De rebellen van de M23 stonden op het punt de stad Goma in te nemen, toen ik daar afscheid nam van mijn vrienden. Verschillende van hen zijn journalist. Voor hen was vertrekken ook nog mogelijk, maar het was geen optie, legden ze me uit. ‘Dit is onze thuis. Dat laat je niet zomaar achter.’ De eerste dag van het offensief deelden ze beelden van burgers die het centrum introkken, zoekend naar plaatsen om beschermd te zijn. Vervolgens kwamen ze ook zelf in gevaar.
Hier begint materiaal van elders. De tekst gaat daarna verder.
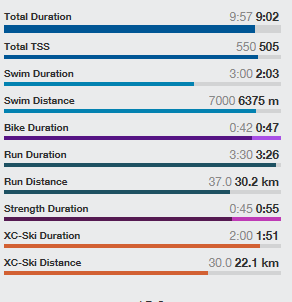 Kevyt viikko päättyi sunnuntain pitkään juoksuun ja 400 metrin uintitestiin märkäpuvulla.

Plunderende soldaten en burgermilities beroofden twee van mijn bevriende journalisten tot twee maal toe. Na twee dagen schuilen leek de rust voorzichtig terug te keren. Maar de stad ontwaakte onder een nieuw regime, dat van het door Rwanda aangestuurde M23.
De regels waren veranderd. Elke journalist moest zich opnieuw laten accrediteren. De boodschappen die ze vanaf nu deelden, zouden die van de nieuwe bazen zijn. Aanwezigheid op de persconferentie van M23 was verplicht. Kritiek op M23 of Rwanda werd vanaf nu als Hutu-extremisme gezien. Ondertussen kregen ze te horen dat het regime in Kinshasa dat aanwezigheid op die persconferentie met de doodstraf kon worden bestraft.
De meeste van mijn collega’s omschrijven zichzelf steevast als vredesjournalist. Een begrip dat wij niet hanteren, maar veelzeggend is. Als ze al een kant kiezen in de woelige oorlog die hun land al 30 jaar verscheurt, dan is het die van de burger. Ze willen niet bijdragen tot de haat, ze willen deel zijn van de oplossing. De huidige omstandigheden waarin ze vandaag moeten werken maakt de opdracht nog moeilijker. Een van die vredesjournalisten liet me recent weten dat hij schrik heeft voor zijn eigen woorden en dus even voor de stilte kiest. Een andere had even tijd nodig om te helen van traumatiserende dagen, maar besloot daarna dat hij gemotiveerder was dan ooit. Vredesjournalisten als hij zijn belangrijker dan ooit.